Each line of the data must reappear exactly in your answer, with no images included.

■ **Data below**:
▶

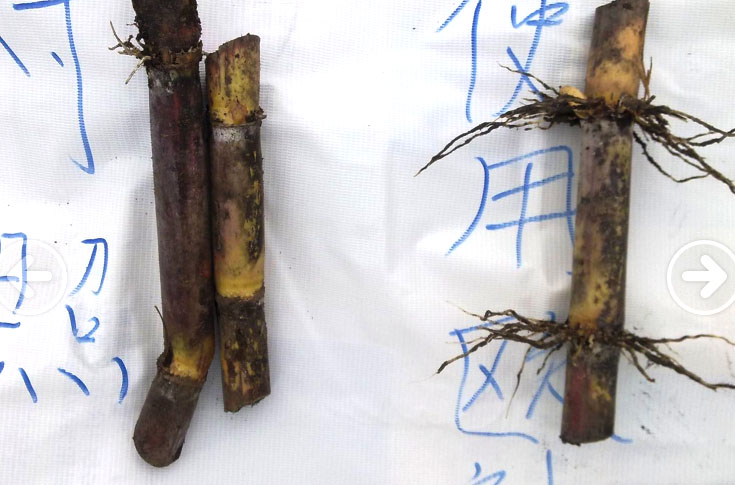 未使用的甘蔗根系與使用歐神產(chǎn)品的甘蔗根系做對(duì)比
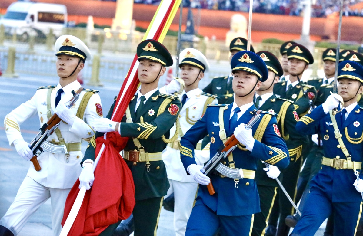 The Guard of Honor of the People's Liberation Army escorts the national flag to Tian'anmen Square in Beijing on Oct 1, 2022. [Photo by Zhu Xingxin/China Daily]
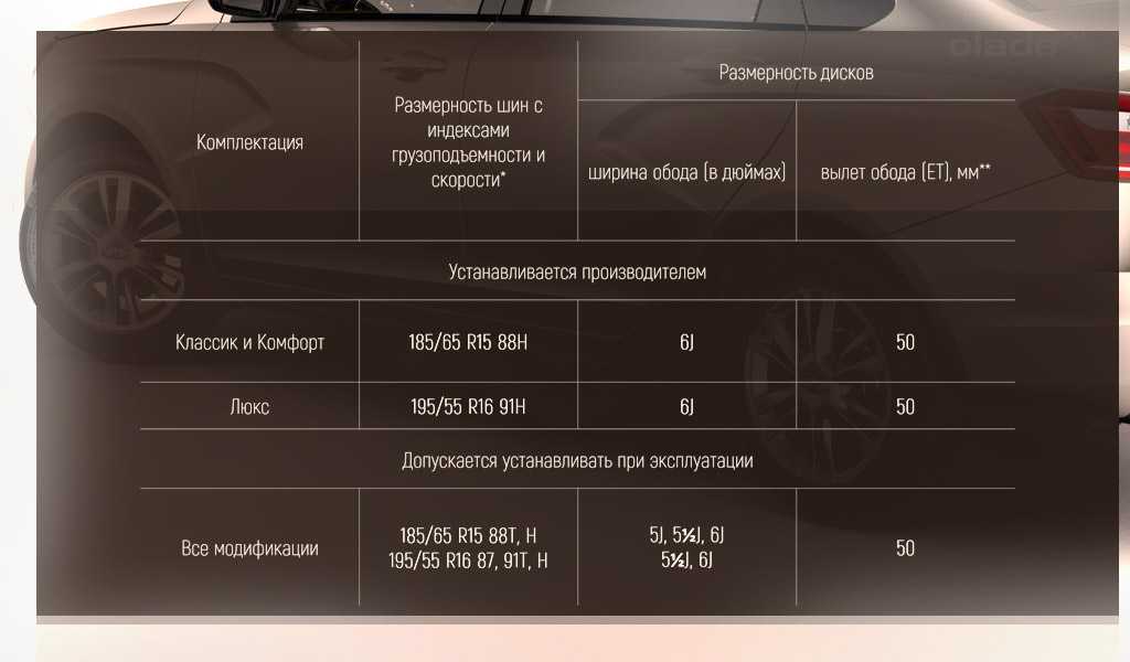 Альтернативные варианты колес на Lada Vesta в таблице.

◀

■ **Completed exercise**:
 未使用的甘蔗根系與使用歐神產(chǎn)品的甘蔗根系做對(duì)比
 The Guard of Honor of the People's Liberation Army escorts the national flag to Tian'anmen Square in Beijing on Oct 1, 2022. [Photo by Zhu Xingxin/China Daily]
 Альтернативные варианты колес на Lada Vesta в таблице.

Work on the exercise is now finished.